The learning curves can be steep, but players also get invested in a game after they’ve tried, failed, tried again and improved. Humans learn naturally in a way that will never be easy for a computer, said Treuille, who admits he is not nearly as good at his game as the players.
“When we started EteRNA, the players kind of sucked, I’m not going to lie to you. They were much worse than the computer algorithms,” he said. “But we made it a game, we made it fun, we incentivized people to play, and we said ‘It’s up to you. Make RNAs that fold properly.’ And they learned and learned.”
Players shared hypotheses and strategies on message boards; some players excel at finding anomalies, and others are good at answering questions, Treuille said.
“Every single week the players got better, and within three to six months they were soundly beating the computers,” he said.
Even in complex games like Foldit and EteRNA, the games are largely about image recognition, if for no other reason than it’s simpler to design a game around such problems. But Popović and Treuille don’t plan to stop there.
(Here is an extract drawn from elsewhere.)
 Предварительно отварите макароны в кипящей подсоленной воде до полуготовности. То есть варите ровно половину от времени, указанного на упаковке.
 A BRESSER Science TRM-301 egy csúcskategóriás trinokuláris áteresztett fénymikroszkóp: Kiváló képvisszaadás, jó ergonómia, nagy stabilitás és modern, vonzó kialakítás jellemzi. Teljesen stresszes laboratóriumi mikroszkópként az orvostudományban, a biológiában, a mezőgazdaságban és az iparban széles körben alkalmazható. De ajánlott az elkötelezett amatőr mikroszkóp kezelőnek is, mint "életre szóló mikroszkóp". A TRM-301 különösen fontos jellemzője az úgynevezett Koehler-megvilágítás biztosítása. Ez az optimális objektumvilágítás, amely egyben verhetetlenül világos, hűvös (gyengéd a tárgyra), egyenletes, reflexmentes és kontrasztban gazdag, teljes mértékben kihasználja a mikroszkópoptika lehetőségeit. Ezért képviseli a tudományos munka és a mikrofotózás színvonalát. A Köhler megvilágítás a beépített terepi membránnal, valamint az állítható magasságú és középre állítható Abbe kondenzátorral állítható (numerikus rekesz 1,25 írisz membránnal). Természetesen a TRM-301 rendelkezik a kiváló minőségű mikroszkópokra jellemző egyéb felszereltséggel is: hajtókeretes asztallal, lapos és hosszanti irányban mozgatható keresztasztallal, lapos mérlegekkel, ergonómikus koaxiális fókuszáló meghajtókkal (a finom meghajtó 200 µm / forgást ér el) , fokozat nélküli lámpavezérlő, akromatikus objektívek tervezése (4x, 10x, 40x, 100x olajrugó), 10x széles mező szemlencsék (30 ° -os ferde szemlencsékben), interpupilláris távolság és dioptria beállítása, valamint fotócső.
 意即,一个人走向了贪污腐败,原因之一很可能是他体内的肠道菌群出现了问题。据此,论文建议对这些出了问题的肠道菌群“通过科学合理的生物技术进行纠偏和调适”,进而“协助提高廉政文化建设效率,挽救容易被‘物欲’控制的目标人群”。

Popović is building a new web-based game, tentatively called Biologic, that will ask players to create new synthetic molecules, an even bigger problem than protein folding. He plans to launch it in April. He also wants to build a game that would create maps of computer programs and ask players to find every security lapse or bug. He even imagines a game to eradicate corruption, he said — it would take all public records in a given country and map all possible connections between them. Players would find all possible feedback loops or payment correlations, which would then be investigated.
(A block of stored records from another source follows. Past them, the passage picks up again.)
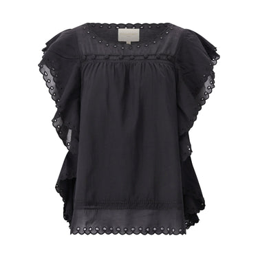 Das Blusenshirt besticht durch ihren luftigen, weit geschnittenen Stil und einen Rundhalsausschnitt. Sie ist ohne Ärmel und mit einem versammelten Vorder- und Rückenteil versehen. Dekorative, verdeckte Knöpfe an der Vorderseite setzen einen eleganten Akzent, während die Broderie anglaise Verzierungen einen zarten, femininen Touch verleihen. Das Modell ist zudem gefüttert und sorgt für angenehmen Tragekomfort.
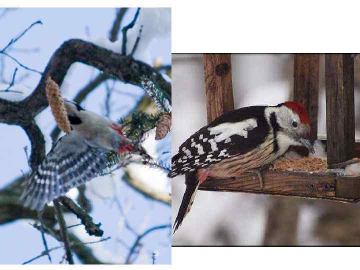 Живлення • Вибір кормів найрізноманітніший залежно від сезону з ухилом у бік тваринної або рослинної їжі. Самці і самки здобувають її на різних територіях, часто навіть у різних типах лісу. • Навесні та влітку дятли у великих кількостях поїдають усіляких комах та їхніх личинок: жуків, у тому числі тих, які харчуються деревиною (вусачів, короїдів, златок, рогачів, листоїдів, сонечок, довгоносиків, турунів), гусениць та імаго метеликів (древоточців, зубниць, вовнянок, п'ядунів, коконопрядів, рогохвостів, попелиць, кокцид. Чималу частку раціону складають мурахи. • Зрідка вживають в їжу ракоподібних і молюсків. У холодну пору року дятлів нерідко можна спостерігати біля житла людини, де вони відвідують пташині годівниці або видобувають залишки харчів (сир, ковбасу тощо) на смітниках. При нагоді живляться падлом. Крім того, відмічене розорення гнізд дрібних співочих птахів, поїдання їх яєць і пташенят. Серед жертв цього виду відмічені мухоловки строкаті, звичайні горихвістки, синиці, зяблики, кропив'янки, навіть інших видів дятлів. • Корм добувають на стовбурах і на поверхні землі.
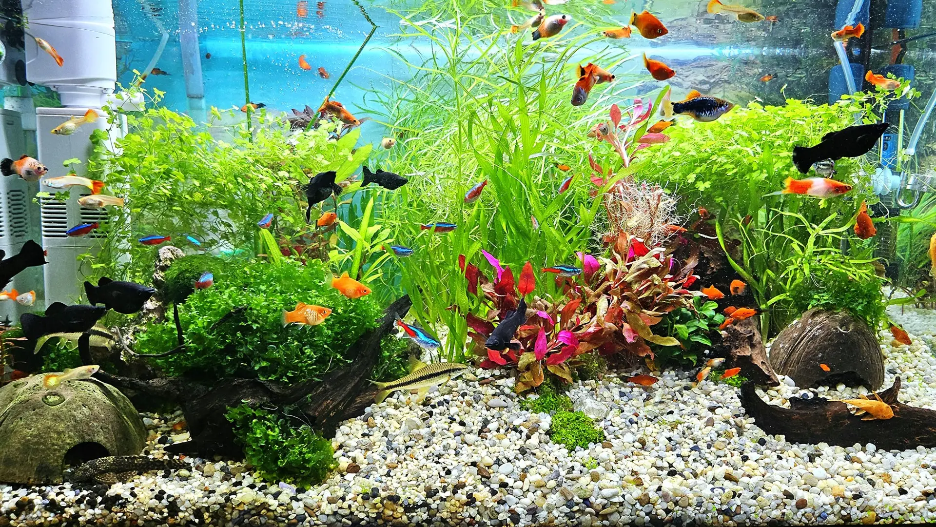 Filtrace: Bio filtr vnitřní, vnější filtr SUNSUN HW-603B (www.rostlinna-akvaria.cz/…) + Seachem Matrix, půdní filtr.

“All these whistleblowers would be all over the world, tracking down people who cheat,” he said. ”In general, we are trying to see if we can tackle and solve really hard problems, that computers by themselves cannot solve and people by themselves cannot solve. That’s what’s exciting about games. I don’t think there is anything out there that is capable of keeping people so engaged for so long.”
The trick is convincing hard scientists that making games out of their most pressing problems is a good idea. This is still not easy to do, Treuille admitted.
“The successful games have involved very talented game designers, but also really extraordinarily open-minded and committed hard scientists, who are willing to put yup with people who don’t know what they are talking about, talking about making games out of their research in the vain hopes that someday it will tell them something useful,” he said. “That’s a really adventuresome outlook on the world.”
Let’s face it — some of the tasks, and several of the projects on the Zooniverse, are inherently pretty tedious. But imbued with purpose and scientific meaning, these boring tasks suddenly become interesting; I love the idea of finding exoplanets by myself. And I’m not alone — players lose interest when developers dampen the science, Treuille said. Add incentives like rankings and message boards, and a whole community blossoms.
I started playing EteRNA because I was writing about it, but I don’t plan to stop, at least not for a while. There’s something so satisfying about clicking little dots to make a new chemical bond, locking a virtual molecule into place and earning that trilling harp sound that means you got it right. And if it someday means something real for science — that’ll be the real win.